The assets securing the Notes will consist primarily of a portfolio of Senior Obligations, Mezzanine Obligations and High Yield Bonds, and will be managed by Onex Credit Partners LLC.

Onex Corporation (Onex) indirectly owns approximately 82% of the economic interest in the Portfolio Manager. Onex is one of the oldest and most well-respected private equity firms.
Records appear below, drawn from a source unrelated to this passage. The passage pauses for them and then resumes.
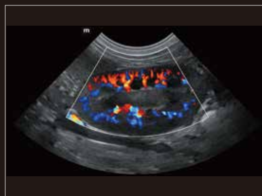
Renal blood flow of canine
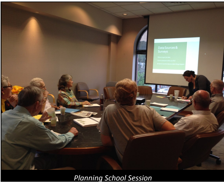
Planning School Session
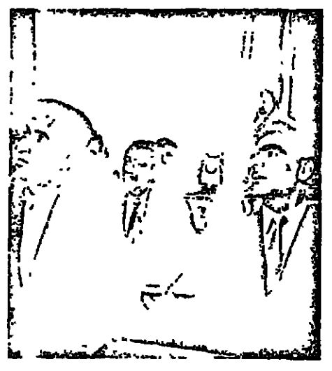
La classe—Los étudiants écoutent et regardent

This is why the presence of the professor is indispensable. After the showing of the film, he reviews the latter image by image, and trics to make each sentence perfectly clear, by references to reality, by mimicry or by drawing. Translation is used only when all other means of explanation becomes impossible. This comprehension phase normally prepares the

At 31 December 2018, Onex had $31 billion of assets under management, including $6.4 billion of Onex proprietary capital, in private equity and credit securities.

Eligibility criteria (includes): it is a Secured Senior Obligation, a Corporate Rescue Loan, an Unsecured Senior Obligation, a Mezzanine Obligation, a Second Lien Loan or a High Yield Bond, in each case; it is not a Defaulted Obligation or a Credit Risk Obligation; it is not a lease; it is not a Structured Finance Security or a Synthetic Security; it is not a Zero Coupon Security; it has an Fitch Rating of not lower than "CCC-" and a Moody’s Rating of not lower than "Caa3"; is an obligation of an Obligor or Obligors Domiciled in a Non-Emerging Market Country (as determined by the Portfolio Manager acting on behalf of the Issuer); it is not a Project Finance Loan; it has a minimum purchase price of 65% of the Principal Balance of such Collateral Obligation.

The Issuer anticipates that by the Issue Date it, or the Portfolio Manager on its behalf, will have purchased or committed to purchase Collateral Obligations the Aggregate Principal Balance of which is equal to at least €318.75mln, which is 75% of the Target Par Amount.

The Notes other than the Retention Notes and any other Notes being sold directly by the Issuer to the Originator are being offered by the Issuer through J.P. Morgan Securities plc in its capacity as placement agent of the offering.


EU Risk Retention: The Originator will undertake to acquire and hold on an ongoing basis, for so long as any Notes are outstanding, Subordinated Notes with a Principal Amount Outstanding as of the Issue Date equal to not less than 5% of the Collateral Principal Amount.